:: WHAT YOU SHOULD DO ::
All lines from the one bearing "Klasikinis juodas diržas" through the end of the data below must be printed exactly as they stand, with pictures removed.

:: COLLECTED DATA ::
/---

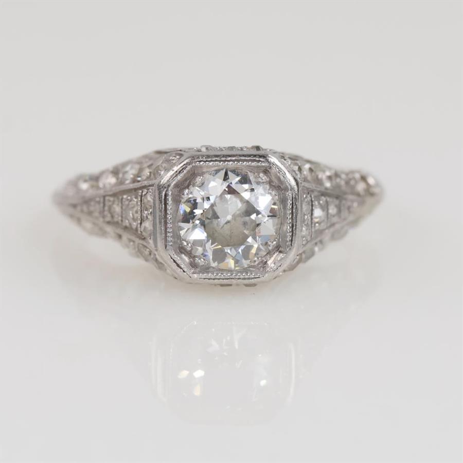 1.04ctTW Diamond Platinum Vintage Filigree Engagement Ring-Evaluated By Certified Gemologist-AGS/GIA
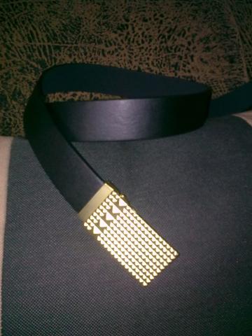 Klasikinis juodas diržas su akį patraukinčia sagtimi. Jį dėvėti galima su bet kokio stiliaus suknele
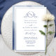 Navy Blue Watercolor Elegant Monogram Wedding Invitation

\---

:: ANSWER TO THIS EXERCISE ::
 Klasikinis juodas diržas su akį patraukinčia sagtimi. Jį dėvėti galima su bet kokio stiliaus suknele
 Navy Blue Watercolor Elegant Monogram Wedding Invitation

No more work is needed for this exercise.